The trial court found the defendant in contempt but that the related parties hadn’t participated in the violations. The defendants then asked the court to order the plaintiff to pay their attorneys’ fees under the Lanham Act, which allows a court to award fees to a prevailing party in an “exceptional case.”
The court awarded fees, relying on a provision of the Patent Act, as interpreted by the Supreme Court in a separate case. Derma Pen appealed, arguing the exceptional case standard wasn’t satisfied.
On review, the appellate court cited its earlier decision in King v.
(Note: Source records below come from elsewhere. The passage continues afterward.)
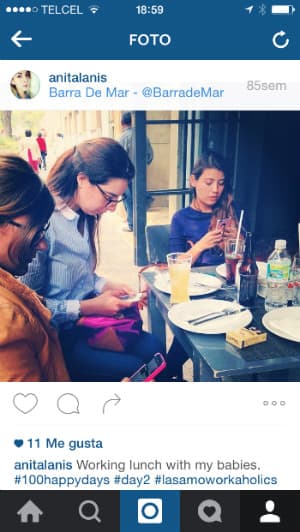 #Day2: “ Working lunch with my babies ”, dice el pie de foto. Nadie toca sus platillos, todas miran fijamente sus celulares y yo aparento ser feliz porque me toca trabajar a la hora de la comida.
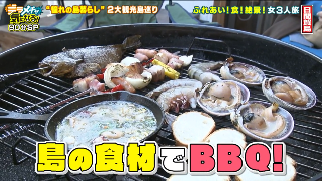 土地代を含めて450万円以内で夢の島暮らしを叶えることができるとあって、久本も想像を膨らませていました。そんな島暮らしのイメージをさらに膨らませるため、片岡さんのご好意でバーベキューをすることに。もちろん主役は島の新鮮な魚介たち。中でもオススメなのがタイラ貝!
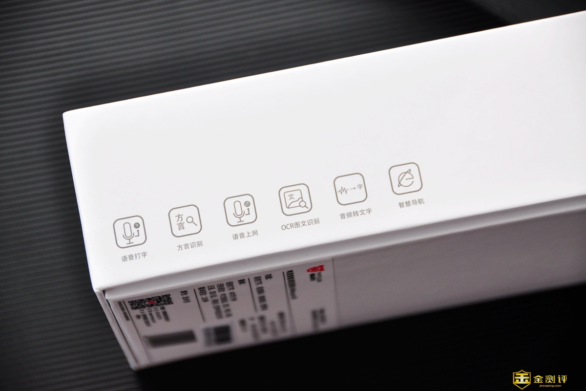 包装侧面是产品的特色设计,诸如语音打字、方言识别,语音上网、OCR图文识别、音频转文字、智慧导航等功能,可谓是科技元素满满。
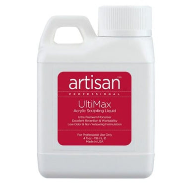 Artisan Ultimax Acrylic Nail Liquid / 4 oz. by Artisan. Premium quality, superior adhesion, very low odor and very easy to work with. Artisan UltiMax Acrylic Liquid is highly adaptable for any nail tech experience level. Teamed up with Artisan Acrylic Nail Powder, the self-leveling feature of the system makes it a breeze to sculpt, meaning minimal stroking and filing on your end. UltiMax Acrylic Liquid is nonyellowing, lift resistant and contains no MMA. Start producing flawless consistency and superior adhesion that lasts more than two weeks.

PA Consulting Grp., Inc., where it held that a case may be deemed exceptional because of:
- Its lack of any foundation,
- The plaintiff’s bad faith in bringing the suit,
- The unusually vexatious and oppressive way it’s prosecuted, or
- Other reasons.
Generally, a court considers both the objective strength of the Lanham Act claim and the plaintiff’s subjective motivations.
The appellate court highlighted several of the lower court’s findings, including that 1) the plaintiff presented no evidence of damages, 2) the trademark was abandoned, and 3) the plaintiff was entitled to no relief against the related parties. These findings indicated the claim that the related parties had violated the injunction lacked objective strength. And the plaintiff’s misconduct and delay during discovery constituted evidence of a lack of good faith.
Thus, the fees were justified under Tenth Circuit case law. But the trial court’s ruling hinged on the Supreme Court’s holding that an exceptional case under the Patent Act can stand out because of the substantive strength of a party’s position or for the unreasonable tactics used in litigation.
The fee provisions in the Patent Act and the Lanham Act are identical. The court therefore concluded that the standard also applies to the Lanham Act.
Guidance on two fronts
Notably, the Tenth Circuit didn’t overturn its earlier decision. It said that both its earlier decision and the Supreme Court case provide guidance on whether attorneys’ fees are warranted in Lanham Act cases.